Reg. Skipping files/folders while crawling

2008-06-05
2013-05-13
  • Charanya Mohan
    Charanya Mohan
    2008-06-05

    As far the extraction is concerned,

        We are allowing only the following files into crawling process,
    MS office files(.doc,.ppt,.xls),PDF files,HTML files and Plaintext files(.txt)

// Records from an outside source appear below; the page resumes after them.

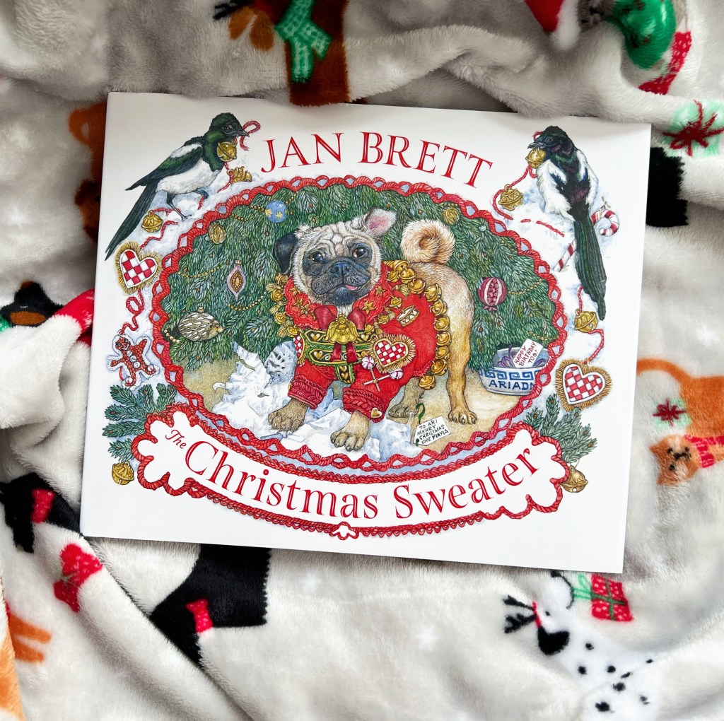 Beloved children’s author-illustrator Jan Brett is back with a brand new wintry tale, this time starring an adorable pug named Ari. Told in her signature triptych-style illustrations, readers follow Ari and her human Theo on a snowy adventure based loosely on the tale of Theseus, Ariadne, and the labyrinth, all centered around a rather gaudy yet unexpectedly helpful Christmas sweater. It’s a fun tale that dog lovers and mythology buffs will appreciate, and we enjoyed it!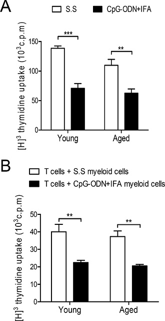 Figure 2: Myeloid cells from aged CpG-ODN+IFA-treated mice suppress T cell proliferation. Spleens were collected from young and aged mice after ten days of CpG-ODN+IFA-treatment. (A) Splenocytes were stimulated with ConA or RPMI (unstimulated) and cultured for 72 h. (B) Naïve T cells isolated from young mice were stimulated with anti-CD3 plus anti-CD28 and co-cultured, at a 1:1 ratio, with myeloid cells purified from young or aged S.S or CpG-ODN+IFA-treated mice for 48 h. (A–B) T cell proliferation was measured by [3H]-Thymidine incorporation after 18 h pulse. Values are represented as c.p.m of stimulated minus unstimulated. (A–B) Data are representative of three independent experiments; mean ± SEM (n = 4 mice/group) **p < 0.01; ***p < 0.001.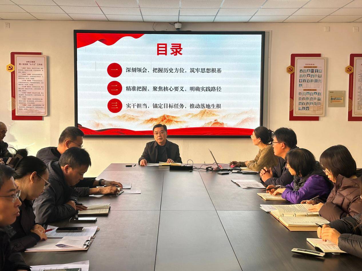 程兴奇围绕三个方面对全会精神作系统解读:在铸牢思想根基上,强调要深刻把握全会历史方位与重大意义,领悟“两个确立”决定性意义,为水利事业发展提供政治保障;在明确实践路径上,结合水利行业实际,解读全会治水相关部署,要求找准全会精神与教学科研、项目建设等核心工作的结合点;在推动落地生根上,提出要强化责任担当、深化党建与业务融合、锤炼过硬作风,将全会部署转化为水利事业高质量发展的实际成果。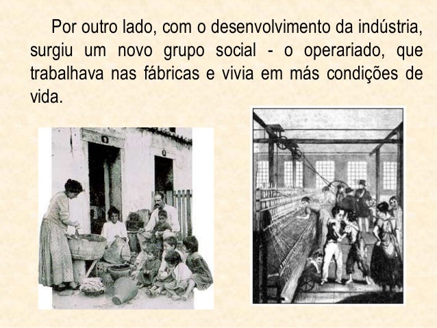 15. 15. Por outro lado, com o desenvolvimento da indústria,surgiu um novo grupo social - o operariado, quetrabalhava nas fábricas e vivia em más condições devida.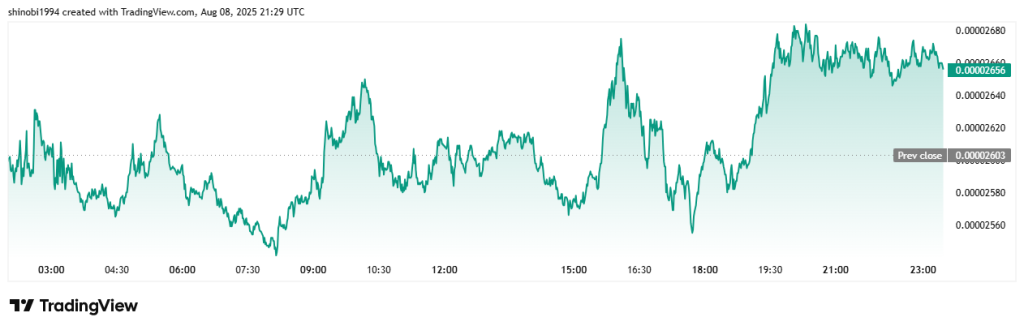Jusqu’en fin d’après midi, le 7 août dernier, BONK se trouvait dans une zone de repli avec un cours descendu jusqu’à 0,00002485 $. Ensuite, le token entame un rebond qui le mène tout près de 0,00002645 $ dans la matinée européenne de ce vendredi.
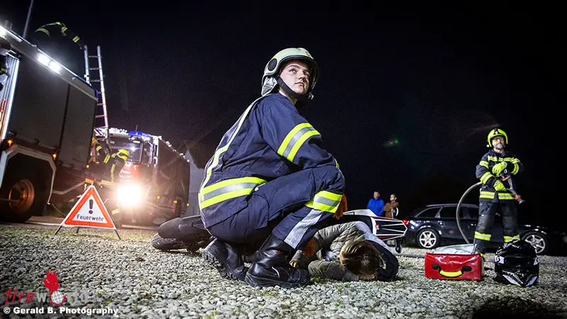 Oö: Unfall- und Branddienstübung mit Blackout-Einlage in Moosbach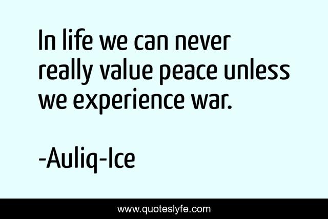 This page presents the quote "In life we can never really value peace unless we experience war.". Author of this quote is Auliq-Ice. This quote is about change, happiness, inspirational, enthusiasm, life-challenges, hope, problems-in-life,.
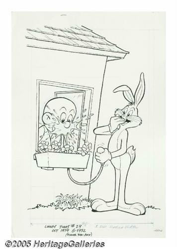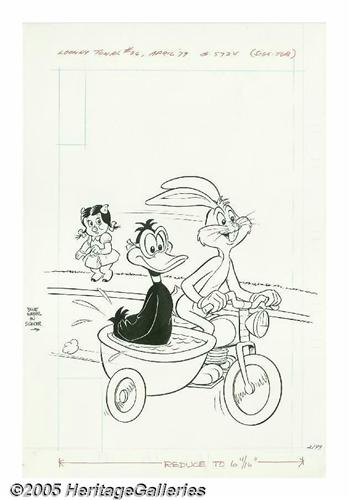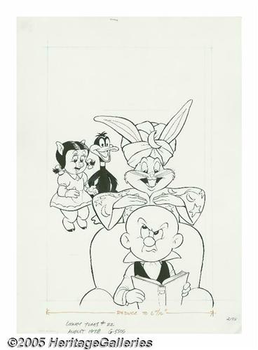 <B>Western Publishing Artist - Looney Tunes Cover Original Art, Group of 4 (Gold Key/Whitman, 1978-79).</B></I> Bugs Bunny, Daffy Duck, Elmer Fudd, and Petunia Pig team up for four side-splitting cover scenes. Included in this lot are the covers for <B>Looney Tunes</B></I> #21, 22, 26, and 29. The image area of each cover is approximately 10" x 15", and the art is in Excellent condition. <I>From the Random House Archives</B></I>.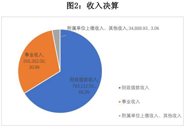 本年收入合計1,153,303.49萬元,其中:財政撥款收入 763,112.55萬元,占66.2%;事業(yè)收入355,302萬元,占30.8%;附 屬單位上繳收入130萬元,其他收入34,758.93萬元,兩項合計占 3%。
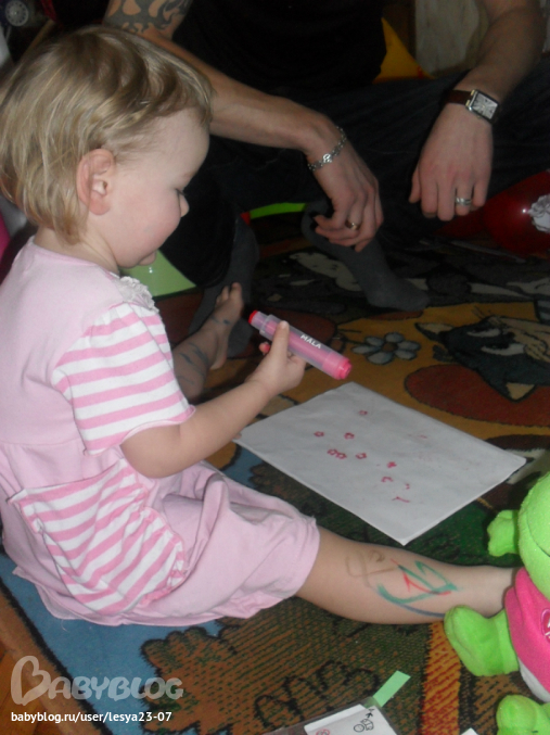Это фломастеры печати, Лиза очень любит фломастеры...это заметно по нашим разукрашенным ножкам)) Квакушку целый день целовала))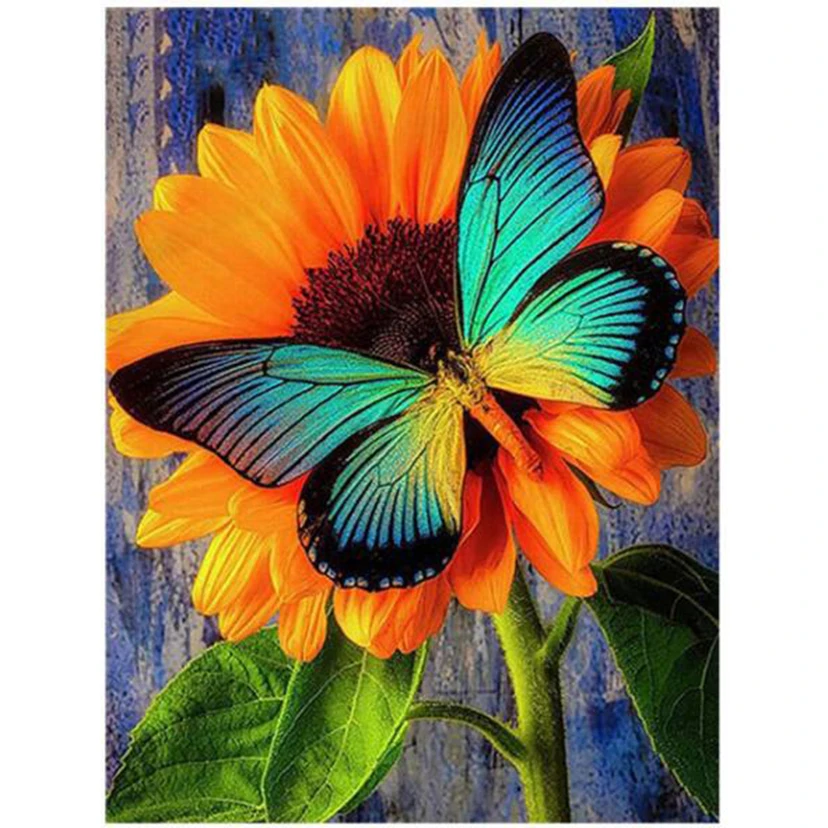 Алмазная живопись с квадратнымикруглыми стразами 5D, с изображением бабочки, вышивка с изображением подсолнуха, подарок мозаика для рукоделия г., WG2524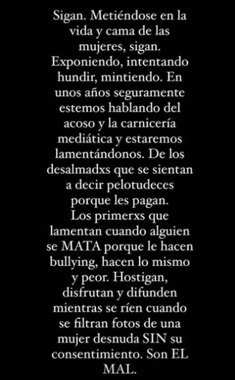 “Sigan. Metiéndose en la vida y cama de las mujeres, sigan. Exponiendo, intentando, hundir, mintiendo”, comenzó el mensaje que dejó en sus historias de Instagram.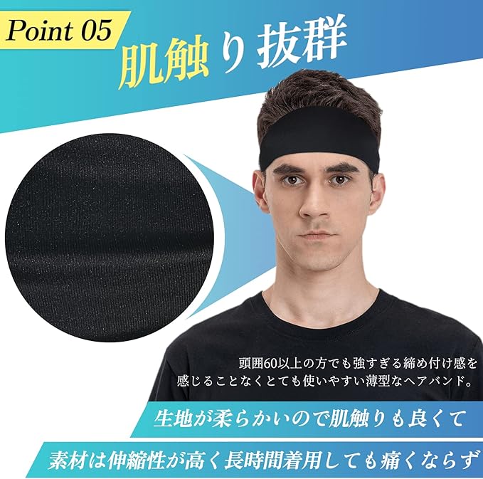 ✅【ヘアバンド仕様】材質:ポリエステル 88.7% スパンデックス11.3% ターバン約24.5cm長、約11.5cm額幅 「額部分幅約11.5cm:後頭部分幅約3㎝」 額部分の面積が広く、吸水性が抜群なヘアバンド。

    Though the aperture have corresponding extractors for the above file types, the problem is, the crawling get strucks while extracting the text.
       
    Crawling exception for a .xls file
    ----------------------------------
    -----exception 1----java.lang.ClassCastException: org.apache.poi.hssf.record.UnknownRecord
    [Info] org.semanticdesktop.aperture.extractor.util.PoiUtil regular POI-based processing failed, falling back to heuristic string extraction for file:...\training\Temp\filename.xls.... (size of the file:16 MB)
    [Warning] org.semanticdesktop.aperture.extractor.util.PoiUtil IOException while processing
    java.io.IOException: Resetting to invalid mark

    -----------------------------------------------------------------------
    For a .ppt file,while extracting the text, it displays the following statements and exits with ExitCode :completed (without completing the entire process)
    No core record found with ID 2 based on PersistPtr lookup
    No core record found with ID 3 based on PersistPtr lookup
    No core record found with ID 4 based on PersistPtr lookup
    No core record found with ID 5 based on PersistPtr lookup
    No core record found with ID 6 based on PersistPtr lookup
    No core record found with ID 7 based on PersistPtr lookup
    No core record found with ID 8 based on PersistPtr lookup
    No core record found with ID 9 based on PersistPtr lookup

    Thanks in advance.